Some people would have us believe that all the good thinking has been done. The most extreme believe that all we can do now is to write footnotes. The least extreme believe that you should at least read everything you can before you start talking about things. They will often soft-link nasty, condescending remarks such as "Your radical ideas about ___ have already occured to others," just to show what a silly person you are for thinking before you were ready.

This is the rule: If you are going to say something, be absolutely sure that no one has said it before. Read like mad. Take a vow of silence if you have to. In fact, no one under the age of 30 should ever open their mouth to say anything they think is original, because chances are, it isn't. They will laugh at you. Above all you should be afraid, very afraid, of being laughed at because of this.

But I disagree. I say:

THINK.

It has been thought before, but not by you. You will never think anything original if you don't start thinking the old thoughts, on your own, now. Thought is a graveyard, a skeleton, but thinking is alive, the blood, the energy. Plato is dead, people. Don't read a book unless you are ready to compare it to your own ideas, to interact with it, to challenge it.

Don't be afraid of repeating. Because if you really thought of it on your own, it will not be repetition. It will be the best kind of reinforcement an idea can get -- the knowledge that someone else got there by a different path. Think. Talk. Then read. Laugh back when they laugh at you.

One of my friends has never read a single philosophical text, eastern or western, and yet he arrived at the platonic theory of forms, Descartes' Cogito, and the Ying/ Yang model, all on his own. He calls them by different names, and seems ignorant to those with a philosophy degree, but he thinks better and more clearly than most people I know.

It's been more than 2000 years now, people. It's time to stop writing footnotes.

Nonetheless, one is under an obligation to read and understand what others have said on the subject, if one wants to articulate relevant thoughts on something.

I mean, it is okay to wax philosophical without restraint and footnotes when you are sitting on the porch, shooting shit and having a Penn Pilsner with your buddies. But if you want to contribute, you better read up, otherwise you will repeat somebody else's mistakes, in which case where does your originality and brilliance go ? Down the drain.

Consider now Plato and the traditional problem of the white horse archetype: is there an archetype for horses, or for white horses ? And in that case, why not for young white horses, and old white horses ? And in that case ... you end up having to populate the world of ideas with a copy of the material world, which pretty much screws you over.
This same paradox has occured to the Chinese equivalent of Platonists .
And it will hit like an Exocet any budding Platonist out there. So one should be aware of it.

Also, consider computers and client server systems. If you are not aware of history, all the bullshit about thin clients and "the network is the computer" will get you. You will believe it. You will think "original" thoughts about it.
But you know what ? Your father has been there and done that. A thin client is just a dumb terminal, and the issues are the same, and your father faced them in the seventies, and you better be aware of them, because they will come back.
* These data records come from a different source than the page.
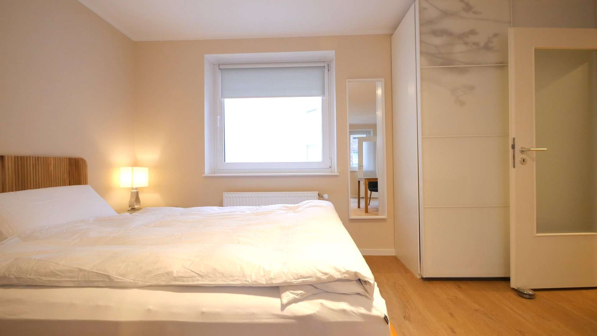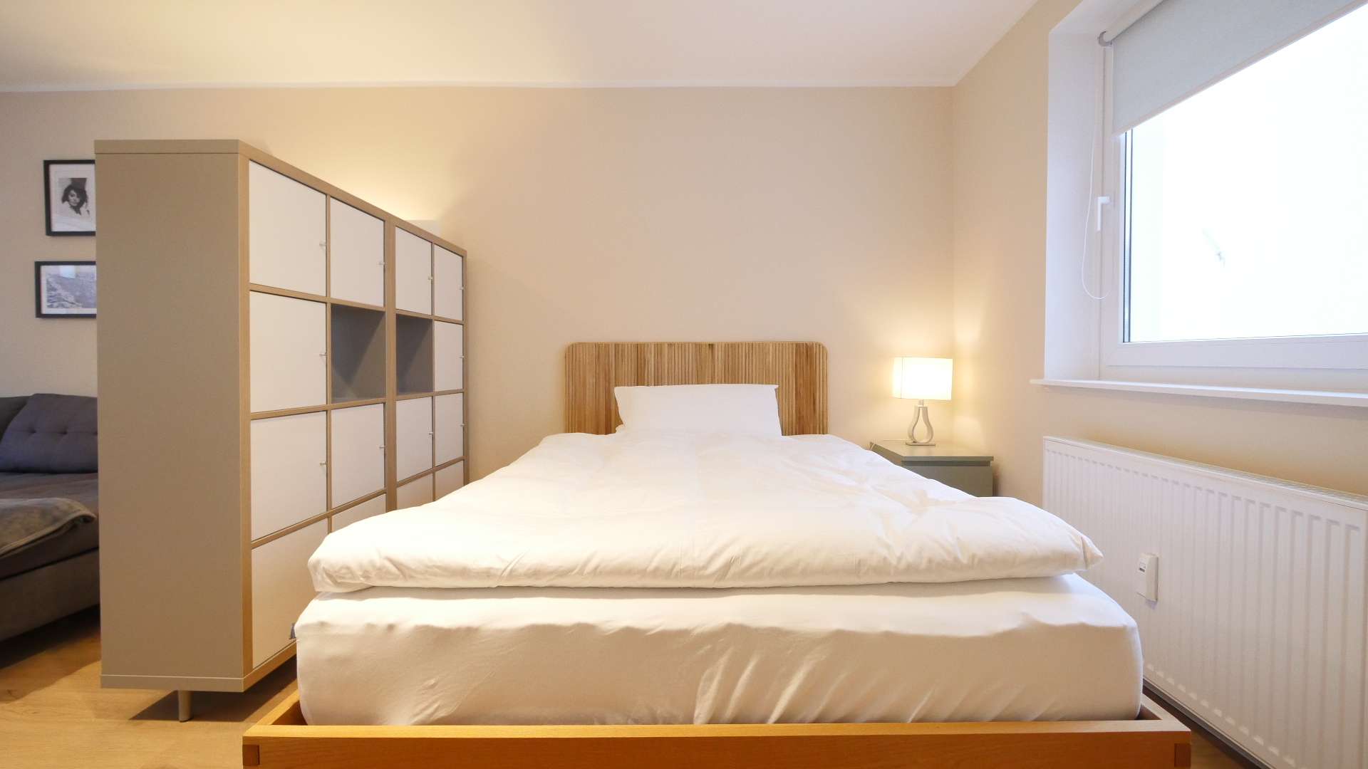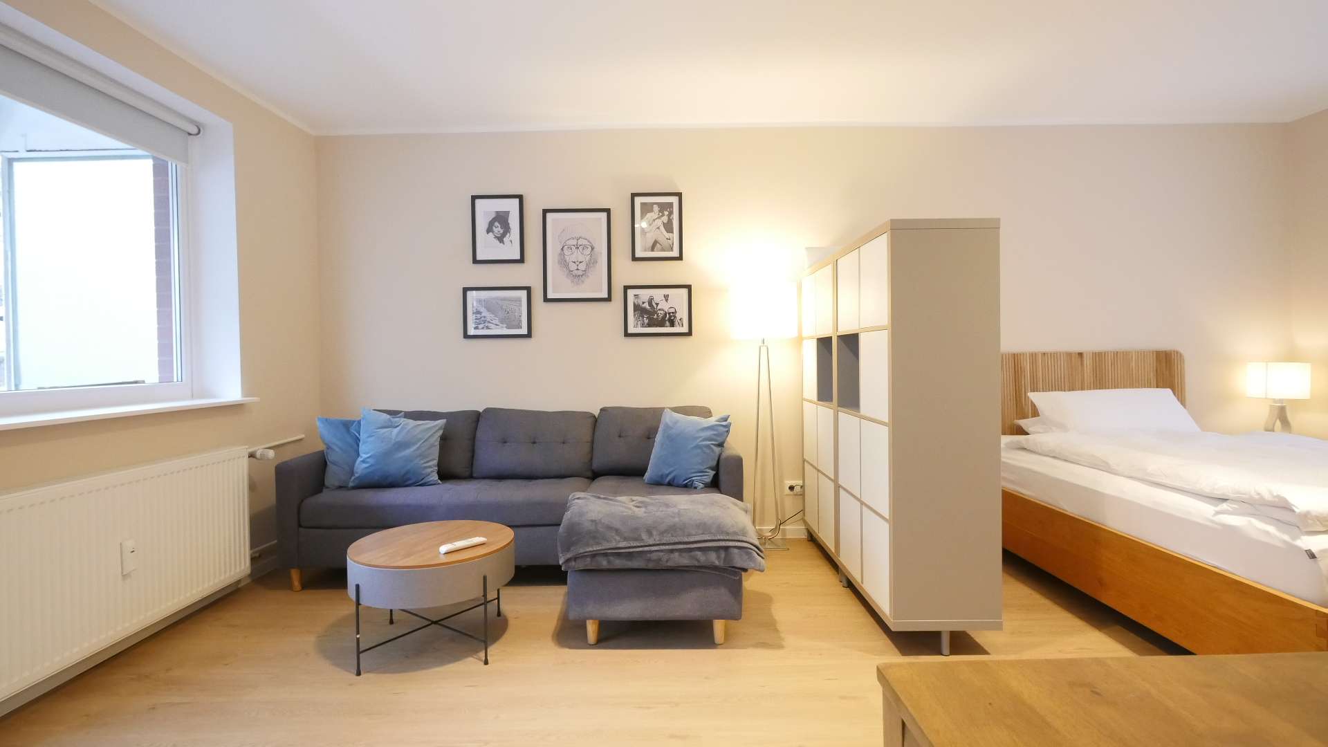 Eine Regalwand als Raumtrenner separiert das Wohn-/Schlafzimmer in zwei Bereiche. Der Schlafbereich verfügt über ein Doppelbett (140cm) mit hochwertiger Matratze und einem großen Kleiderschrank. Im Wohnbereich befindet sich ein großes Sofa mit kleinem Beistelltisch, Flachbildschirm TV und einen modernen Esstisch mit vier Stühlen.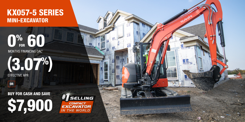 Representative finance example for the KX057-5: $118,641.26 financed at 0% (3.07% effective APR which factors in $7,900.00 in non stackable cash that cannot be combined with finance offers) equals $1780.48 monthly for 60 months. $11,869.84 down payment required. Cost of borrowing is $7,900.00 for a total obligation of $118,641.26. Financing available on approved credit. Prices and payments include freight and other applicable fees (including environmental fees, administration fees, set-up fees, and dealer fees on the model specified). Excavator Claim: "Kubota is the world’s #1 selling compact excavator for 20 years." Disclaimer: According to 2023 data from Off-Highway Research including all Kubota Group brand sales. Offer valid until 06-30-2026.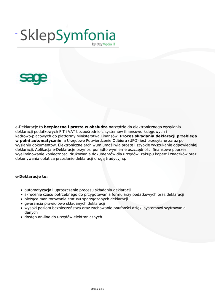 e-Deklaracje to bezpieczne i proste w obsłudze narzędzie do elektronicznego wysyłania deklaracji podatkowych PIT i VAT bezpośrednio z systemów finansowo-księgowych i kadrowo-płacowych do platformy Ministerstwa Finansów. Proces składania deklaracji przebiega w pełni automatycznie, a Urzędowe Potwierdzenie Odbioru (UPO) jest przesyłane zaraz po wysłaniu dokumentów. Elektroniczne archiwum umożliwia proste i szybkie wyszukanie odpowiedniej deklaracji. Aplikacja e-Deklaracje przynosi ponadto wymierne oszczędności finansowe poprzez wyeliminowanie konieczności drukowania dokumentów dla urzędów, zakupu kopert i znaczków oraz dokonywania opłat za przesłanie deklaracji drogą tradycyjną. e-Deklaracje to: automatyzacja i uproszczenie procesu składania deklaracji skrócenie czasu potrzebnego do przygotowania formularzy podatkowych oraz deklaracji bieżące monitorowanie statusu sporządzonych deklaracji gwarancja prawidłowo składanych deklaracji wysoki poziom bezpieczeństwa oraz zachowanie poufności dzięki systemowi szyfrowania danych dostęp on-line do urzędów elektronicznych Strona 1 z 1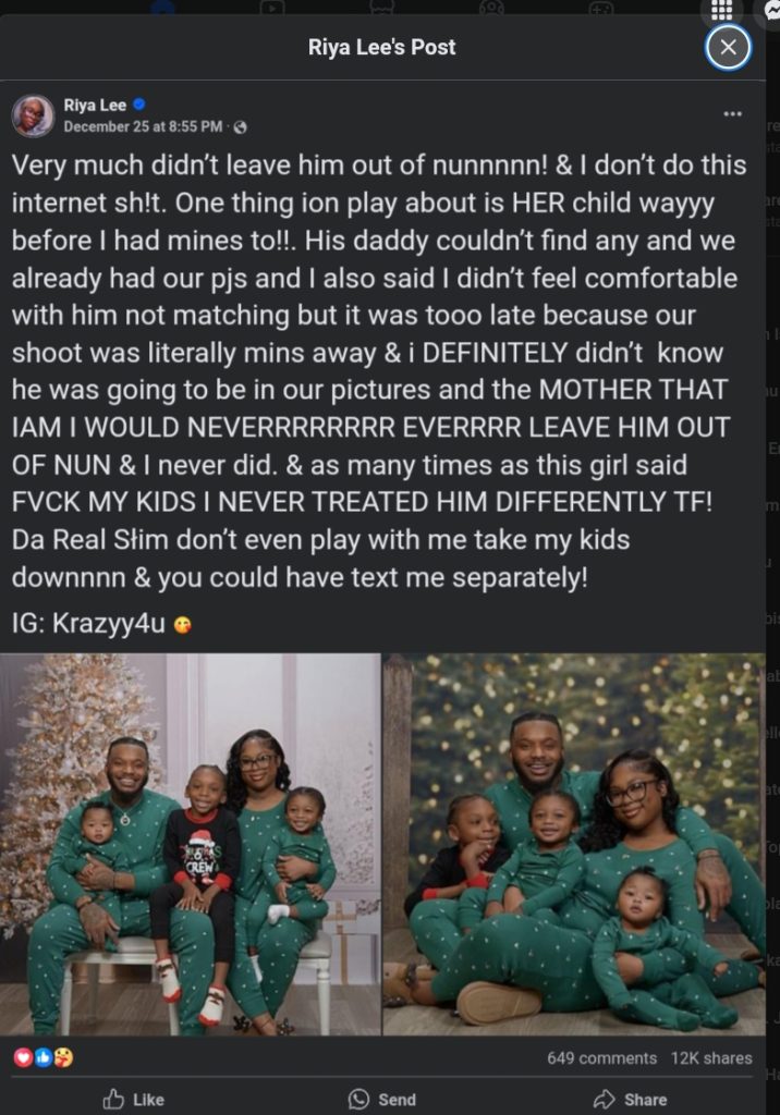 In her post, the mother expressed frustration over her son being left out of the family’s festive coordination, accusing the couple of failing to include him intentionally.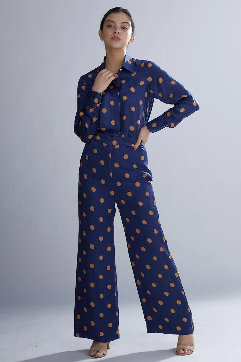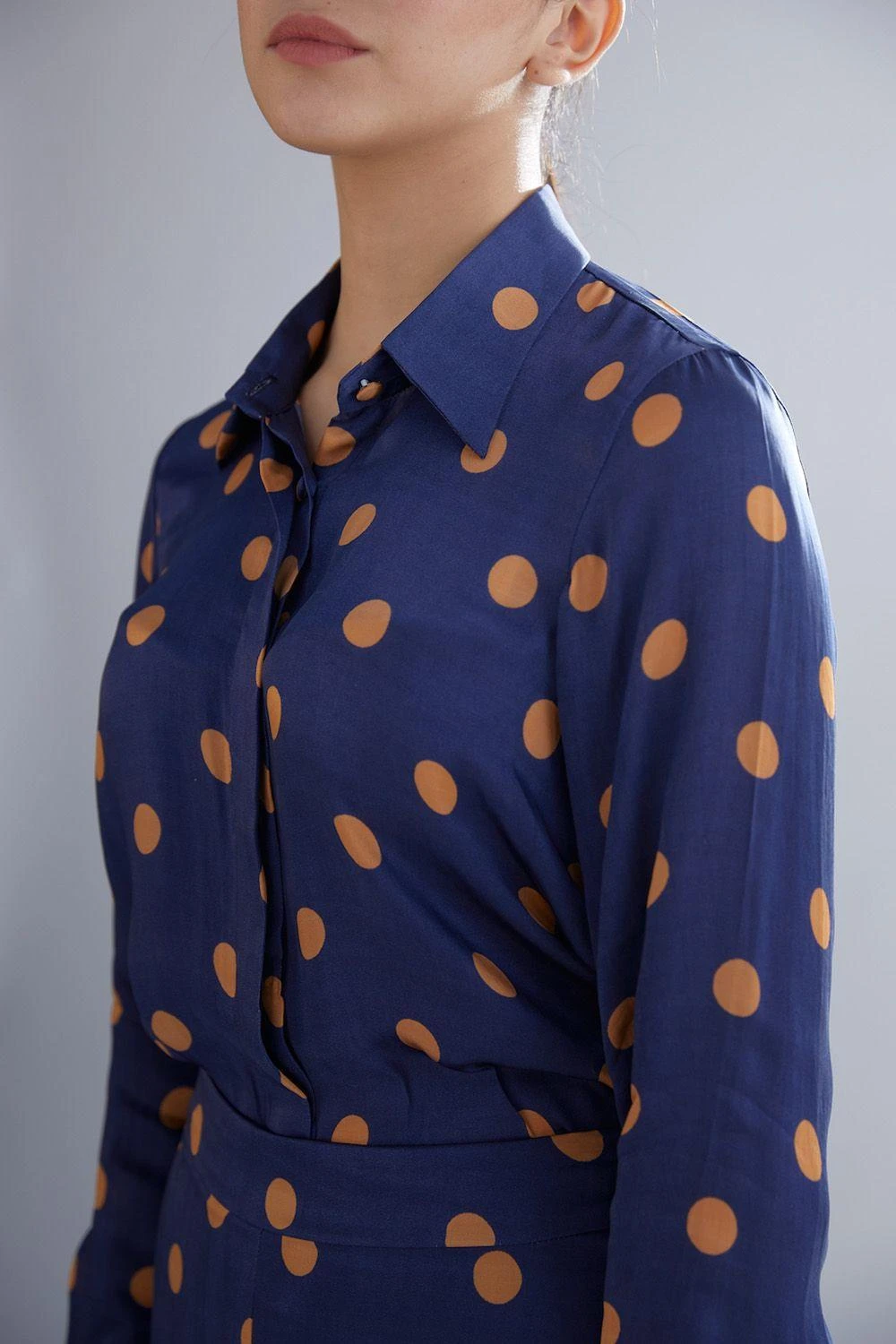 KoAi Blue And Orange Polka Shirt

Apply scholarship. Read. Study. In disciplines where there is progress, not to know what has occured to others condemns the thinker to irrelevance.

Postmodernism is actually based around the theory that all knowledge and truths are subjective, and that there are no absolutes. Under this theory, all ideologies are inherently biased, and therefore there is no one ideology that is worth following. Also, there are no originals that are more valuable than subsequent copies. Instead, there is an a anarchic collective of homogenous equals. In accordance with this, adherents of the postmodernist movement borrow from many different artistic philosophies to produce a product that is not original, but that is presented in an original way. In essence, so what if your radical ideas have already occured to others? Originality is over-rated.